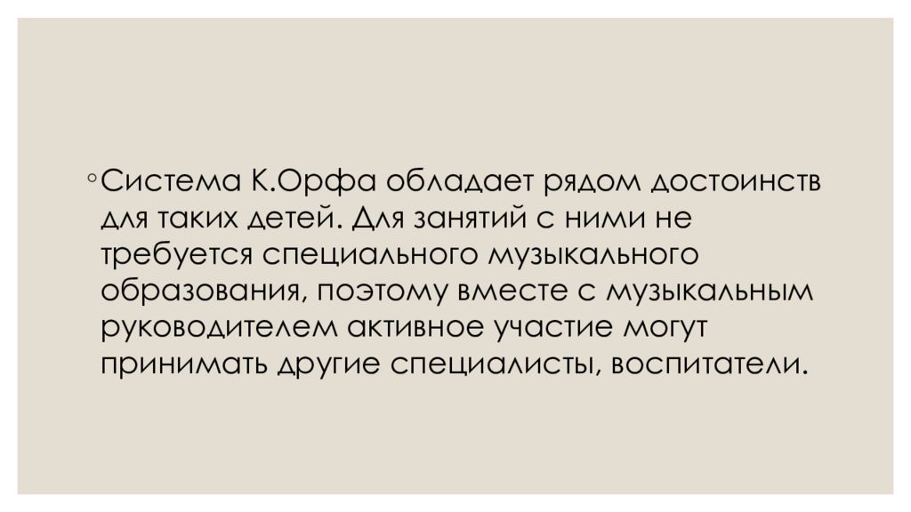 Система К.Орфа обладает рядом достоинств для таких детей. Для занятий с ними не требуется специального музыкального образования, поэтому вместе с музыкальным руководителем активное участие могут принимать другие специалисты, воспитатели.
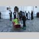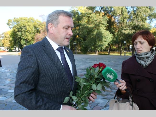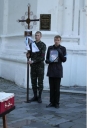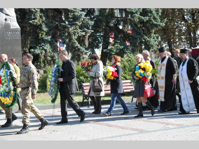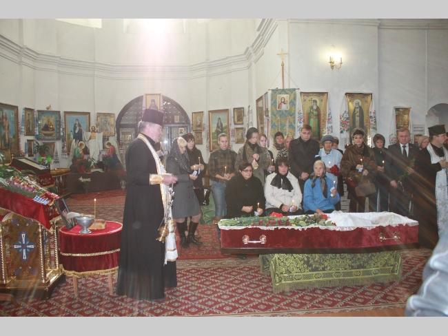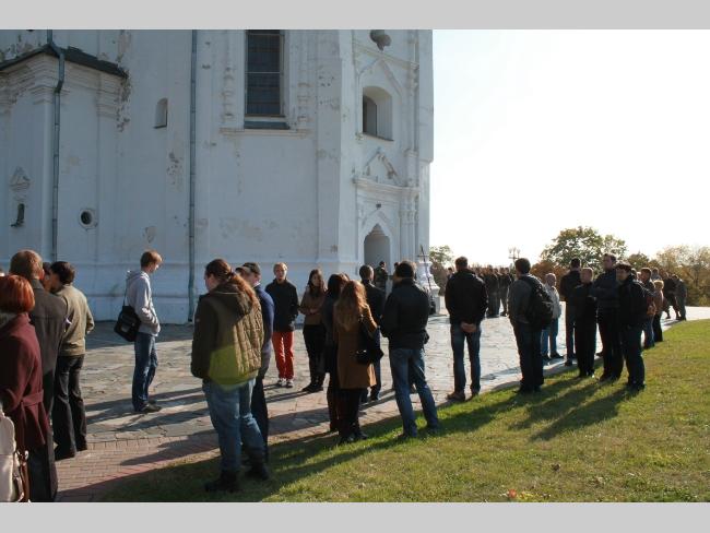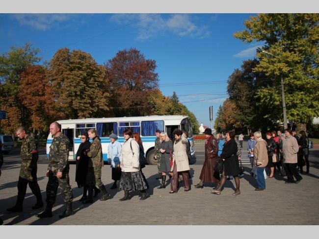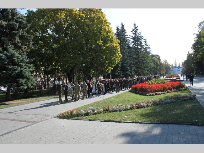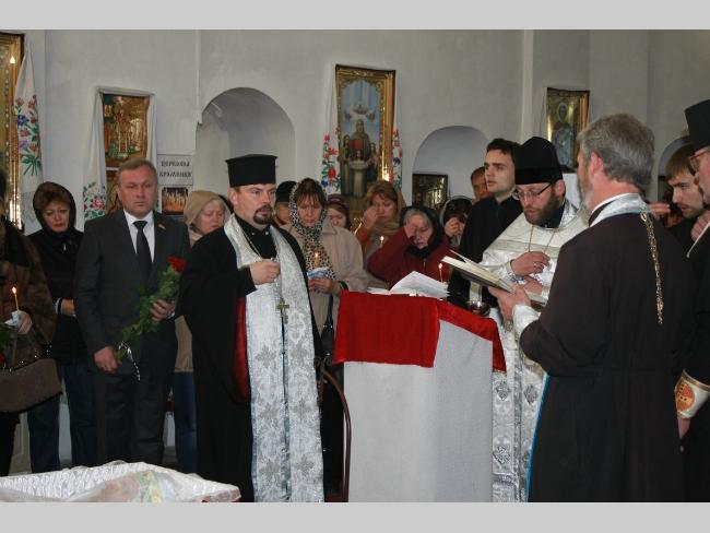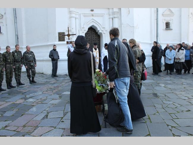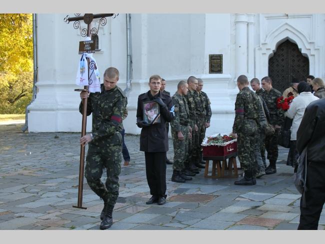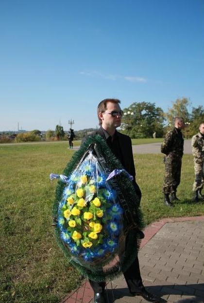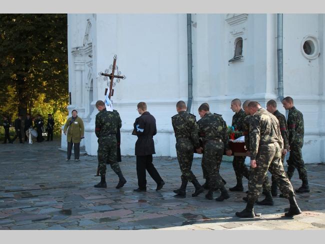 И вот гроб с телом героя грузят в автобус, траурная процессия двигается к следующей точке назначения — к Екатерининской церкви, где будут отпевать усопшего. По дороге вижу, как в направлении к церкви идет много людей с живыми цветами в руках, на зданиях приспущены флаги, на них черные ленты — сегодня в городе траур: так Чернигов оказывает последние почести своему герою. К Екатериненке подходит глава Черниговского облсовета Николай Зверев с пышным букетом алых роз: «Земля пухом цій людині, цей хлопець — герой»...
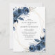 Invitation Elegant Navy Blue Silver Geometric Floral Wedding
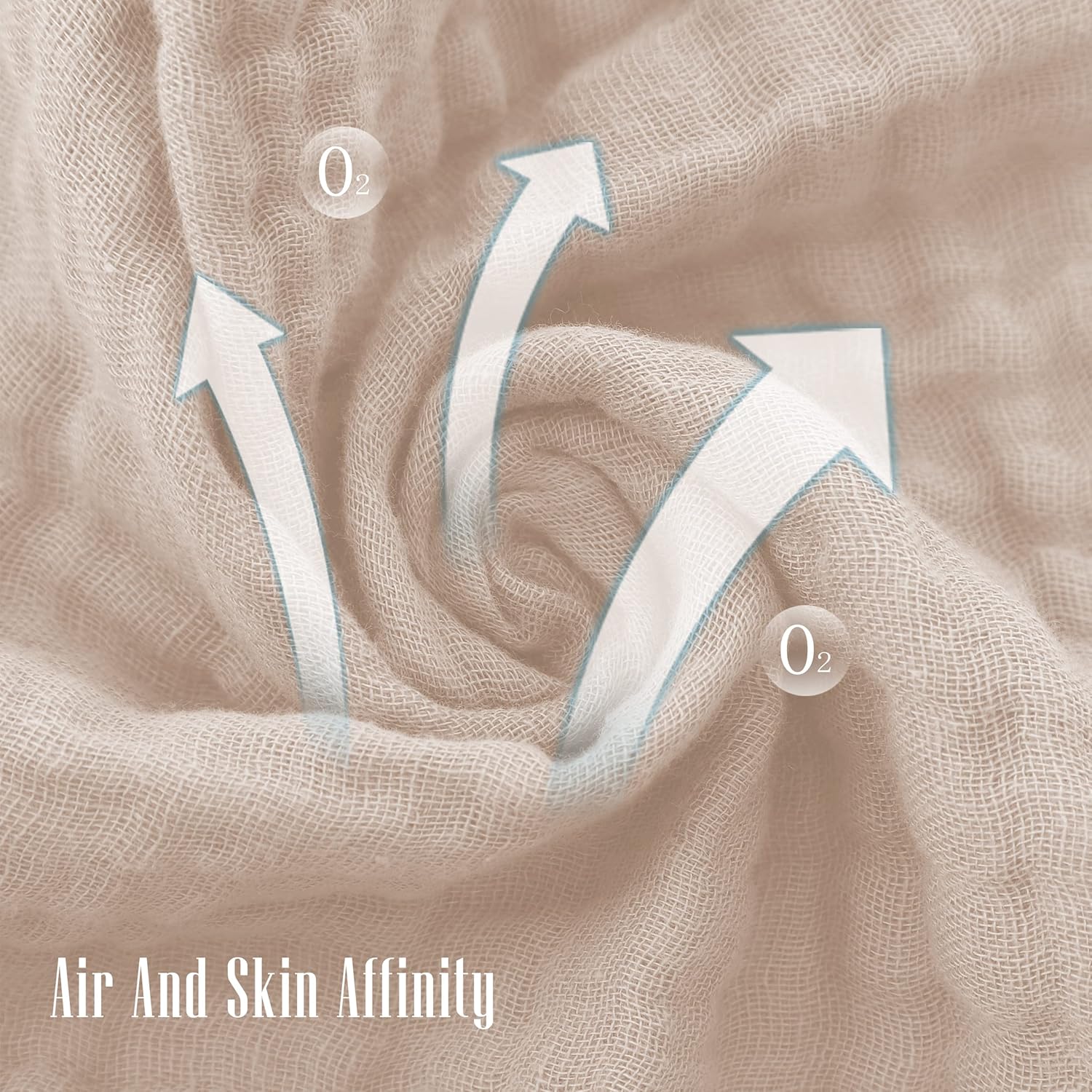 【MULTI-LAYER BREATHABLE STRUCTURE】 The fluffy structure of the cotton muslin fabric provides absorbs water and does not penetrate quickly effect.

********************

### Task instructions:
Exactly those lines that run from the line holding "Invitation Elegant Navy" to the end of the listing above, both included, are to be reproduced, with pictures left out.

### Answer:
 Invitation Elegant Navy Blue Silver Geometric Floral Wedding
 【MULTI-LAYER BREATHABLE STRUCTURE】 The fluffy structure of the cotton muslin fabric provides absorbs water and does not penetrate quickly effect.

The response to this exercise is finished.